Размышляя о сонетной форме, поэтесса полагает, что в отличие от оды («Застыла ода идолом чугунным») и от элегии («Элегия уходит со двора»), возможности сонета не исчерпаны: «Шекспир и тот не исчерпал сонета! / И ковш у родника оставил где-то...» («Не сам сонет растаял в блеске лунном...», 1958-1969). И Матвеева не раз будет обращаться к этому жанру, напишет цикл «Шекспириада» (1994), опубликует сборник «Сонеты» (1999) и попробует сформулировать жанровые особенности сонета с помощью целого ряда метафор и сравнений, удлинив сонетные строки до 6-стопного ямба («Сонет есть реплика», 1986). Тут и «горенка сонета», и песня, «широкая, как море», и «сутана, корона, меч, ярмо». Сонет – это «быстрое высказыванье в споре» «в пещерах, наших дней, где есть туннель, в котором полоска выхода чуть брезжит впереди».

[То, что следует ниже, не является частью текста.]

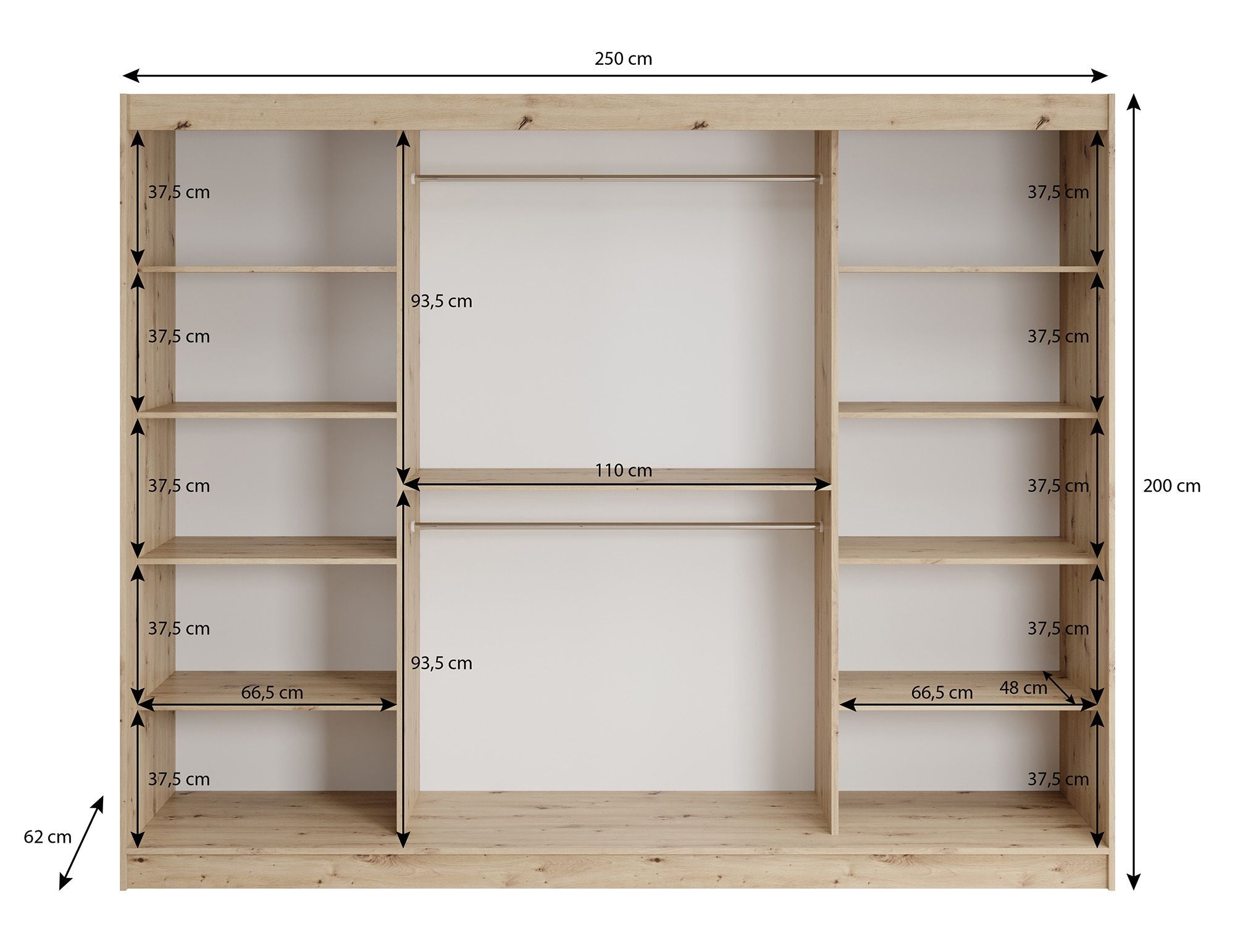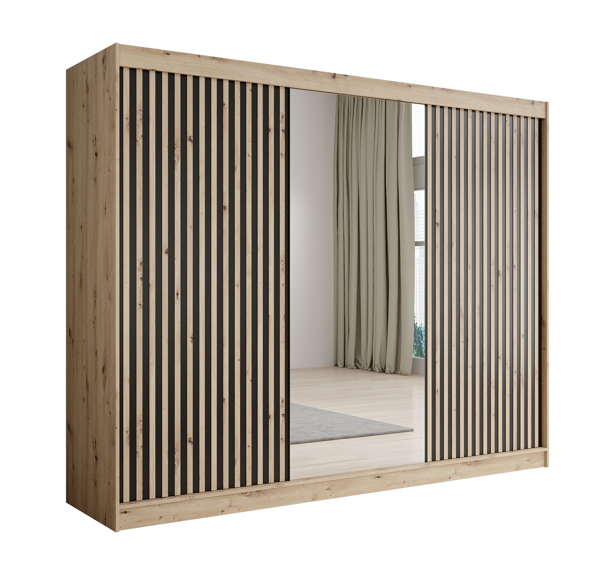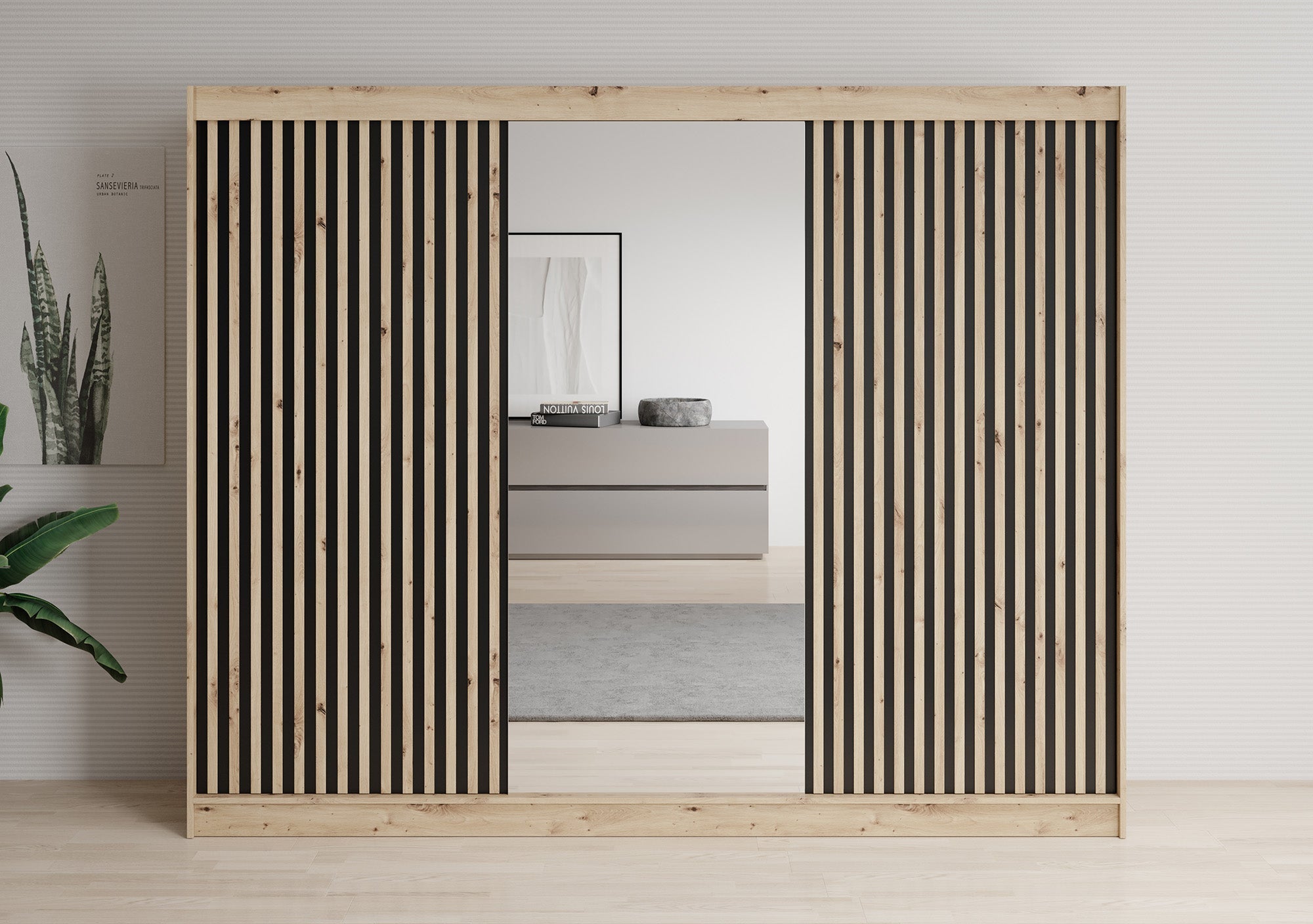 Meubella - Kledingkast Lisbon 2 - Eiken - 250 cm - Met spiegel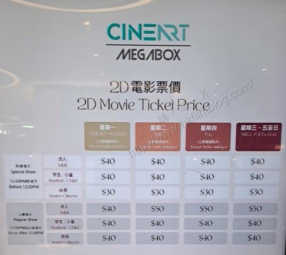 再來看看票價,成人基本票價為五十元,中午前的特惠場次票價與星期一票價同樣為四十元,看起來這個優惠價位相當相宜。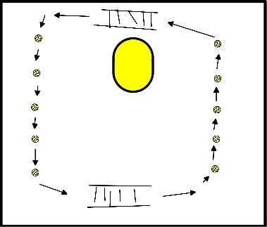Schutters draaien een korf door na 2 doelpunten. Bij de volgende korf moet het totaal dan 4 doelpunten zijn, gevolgd door 6 doelpunten etc. Tot de schutter rond is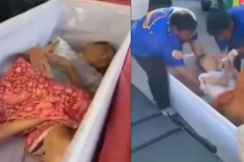 La mujer, de 65 años, sorprendió a sus familiares al golpear la tapa del cajón antes del comienzo de la ceremonia en un templo de Tailandia.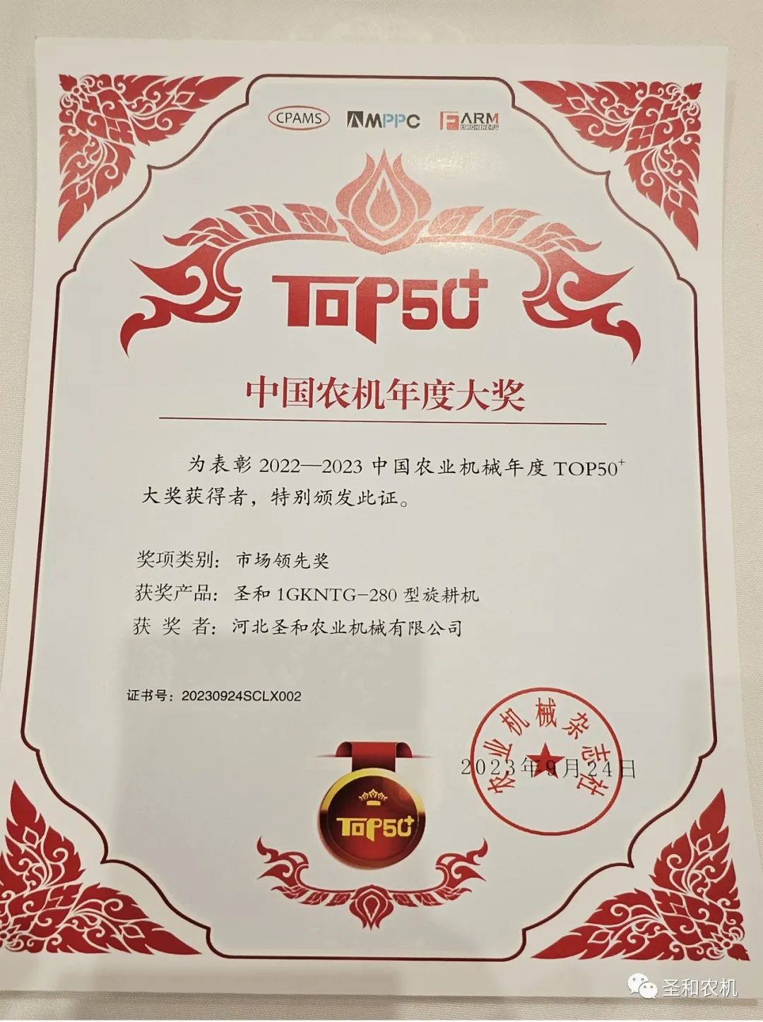 喜報頻傳獲佳績 奮楫揚帆正當(dāng)時----圣和牌旋耕機再度榮獲“市場領(lǐng)先”獎

Поэтический путь Новеллы Матвеевой начинался не только с выбора определенных жанров, но и с поисков «несказанного» слова:

Всё сказано на свете.

Несказанного нет.

Но вечно людям светит

Несказанного свет.

Слова. Ищу их снова:

И все не те, не те...

Удар – и грянет слово,

Как выстрел по мечте.

(«Всё сказано на свете...», 1962)

Какие же слова она ищет? Порой опасается «старинных слов» (слава, чело, аллилуйя, осанна), хотя и называет их «сладчайшими» («Старинные слова», 1962-1964): «Поэт и слава – нет опасней сплава (...) / Не славлю даже славного. А то ведь / Устану славить стану славословить». Еще больше боится она штампов и старается избегать их. В стихотворении «Штамп» (1961) показано, как цветущие розы и поющий соловей у Гафиза и Саади покрылись в дальнейшем пергаментом: их образы «овдовели» и «зачахли» - «от шума штамповального станка»: «Не черта я боюсь, а трафарета: / Он глуп, смешон, но в нем – кончина света».

А через 30 лет появится «Сонет в защиту длинных слов» (1997), в котором звучит авторское признание: «А мне по вкусу длинные слова и утверждается, что в «реченье продолжительного склада» мысль становится более весомой, почти как поступок.

Нравится Матвеевой подбирать и играть созвучными словами, но не только ради самого неожиданного созвучия (Платон – планктон, Шампань – шампунь, Парни – парни, чело – чулок). Важно, чтобы паронимы и омонимы были «веточками и сучьями таинственного дерева – Стиха», а не «березовыми сучьями» на сосне. Ей по душе осмысленные созвучия: соловей «осоловел» над розой, «к бирюльке в плен идет бирюк-работник», а сводника сведет со сводней судьба-расплата; статуи – в столбняке, «живьем остолбенели»; у болвана «ограниченность гранилась, как бриллиант»; «не люблю вещей без преимущества волшебного общения с вещами».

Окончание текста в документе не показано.